Law School: Episodes 7-8 Open Thread
Law School is really hitting its stride now, an entertaining blend of legal drama and campus hijinks, with thrilling courtroom showdowns in every episode. And exam stress. Lots of exam stress. New murder suspects continue to emerge, but the prosecution is hellbent on pinning this crime on our hero, whether they have the evidence to back it up or not.
EPISODES 7-8 WEECAP
I feel like this show really settled into its groove this week. The previous unevenness in tone has smoothed out, and now there’s a good balance of twisty reveals, nail-biting suspense and study group drama. Maybe it’s also that I’ve let go of some of my expectations and am starting to enjoy the show for what it is—a soapy, fast-paced and witty legal drama with a talented ensemble cast.

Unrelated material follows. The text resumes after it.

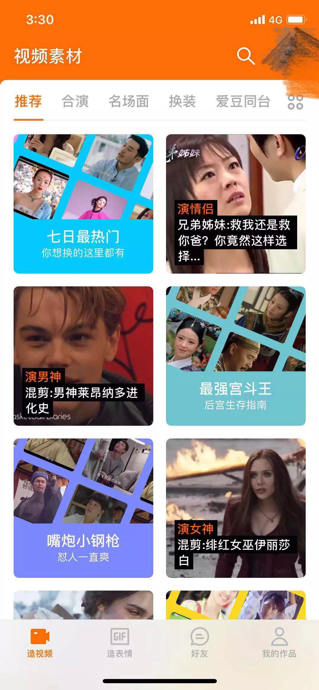该APP主要分为“造视频”“造表情”“好友”“我的作品”四大板块。其中“造视频”板块又由推荐、合演、名场面、换装、爱豆同台组成,进一步点开隐藏弹窗,还可以解锁演、扮演角色、剧情、影剧、演员等分类素材。对于视频中出现的多人角色,用户可以选择任一角色进行替换,替换照片可以即时拍摄,也可以从相册选择。
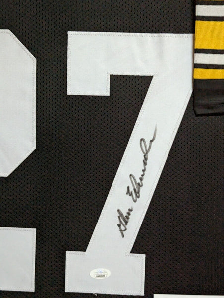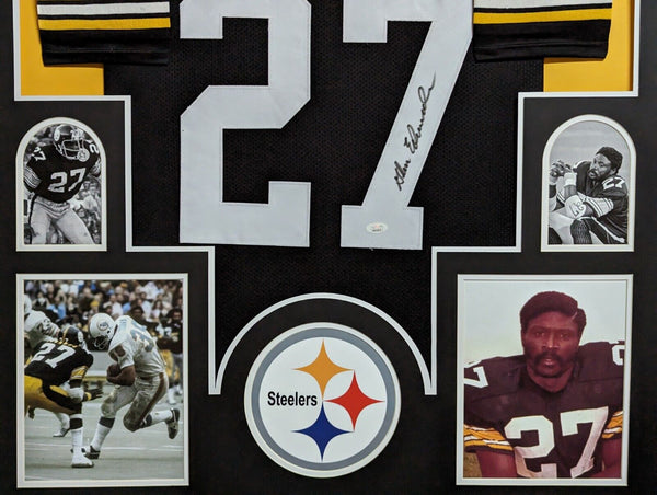 Custom Framed Glen Edwards hand signed Pittsburgh Steelers style custom jersey.JSA Hologram and COAThe authentication is from JSA. This signature is WITNESSED by a representative of JSA! 100% AUTHENTIC!!! The jersey has fully stitched numbers on the front and back. It is a great item and a must for all great sports fans!Stock photos are used for auctions. Will receive equal quality.This item is professionally framed, it measures 32"x40" inside , 42"x34" outside , using UV protective Acrylic glass for safe keeping and safe transport, team color matting, black moulding and hanging hooks on the back. All additional items in frame seen in pictures included. 100% ready to hang in your fan cave.

Jong-hoon remains the anchor of this group, but each week highlights new characters, and these episodes were all about Ji-ho and Ye-seul. We finally found out why Ji-ho’s been keeping that folder about Seo Byung-ju, and I particularly enjoyed his turn on the witness stand, practically bantering with Jong-hoon as the man skillfully cross-examined him.
Ji-ho keeps his pain and anger bottled up so tight that he comes across as cold. I’m glad Ramyun Bandit Joon-hwi has finally broken through that wall a bit by earning his trust. Joon-hwi clearly sees his job as leader of the study group as more than just a tutor. He’s always looking out for the others, quietly stepping in to help when needed.
But my heart went out most to Ye-seul this week, whose situation has only worsened since she started school, her abusive boyfriend using her as a punching bag for his frustration at getting rejected from Hankuk. I was already worried about her, but the nauseating revelation of that spycam, and then his and his father’s blackmail of her with that video, was absolutely wrenching to watch.
The boyfriend knew exactly what kind of threat he was holding over her, as he laid out coldly and gleefully what the release of that video would do to her life—a true-to-life violation that so many women have experienced, without even a hope for justice.
I’m glad the writing highlighted that, and that he didn’t kill her, which I was half-dreading, but I hate that she’s now going to be on the hook for his death, even though it wasn’t her fault (and even if it had been, in my book that’s self-defense). I’m glad Jong-hoon is the one who showed up, honestly, because if anyone can use the law as a weapon in her defense, it’s him—and another student might have panicked and convinced her to cover it up.
As for Seo Byung-ju, this week’s revelations increasingly point to suicide as the most logical explanation for his death. His warning to Sol B that “the moment you decide to cover up your wrongdoings, the door to hell opens” is a pretty large clue to his state of mind at the end.
He was too weak to own up to his mistakes, and too guilt-ridden to face the world sober, especially once Joon-hwi found out the truth. But Jong-hoon is so adamant that it was murder and not suicide, and the show has set him up to be so infallible, that it’s hard to discount his view.
More than Jong-hoon’s legal genius, though, what really stood out to me in these episodes is his passion for teaching. He seems genuinely grieved at the thought of being convicted of murder, primarily because he won’t be able to teach anymore. His determination to not allow any of his students to turn out like the corrupt Prosecutor Jin is a bit naive, but I think he recognizes that, given his conversation with Sol B.
He knows it’s idealistic, but he stubbornly holds on to that attitude through sheer force of will. The wistful moment when he and Eun-suk linger in their old spots in the courtroom was lovely, but no amount of nostalgia can hide how much they both love teaching—and love their students. Even though it’s also clear that the justice system could use another honest prosecutor and judge.
Jong-hoon has an unconventional style, but what makes him a good teacher is that he doesn’t have a one-size-fits-all approach; he treats his students as individuals and provides each with what they need. Knowing both Sol B and Ye-seul would perjure themselves, he confronted Sol B and refused to let her take the stand, while showing kindness and respect to Ye-seul and putting all the power in her hands. Sol B responds to strength, is working from a position of relative power, and has proved herself untrustworthy and self-serving in the past.
Ye-seul has had her power systematically, violently ripped away from her, and that freedom to choose on her own terms was exactly what she needed. Hearing both Jong-hoon and Sol A defend her right to make her own decision, even when that decision would cause harm, gave her the courage to stand up for herself. I loved that.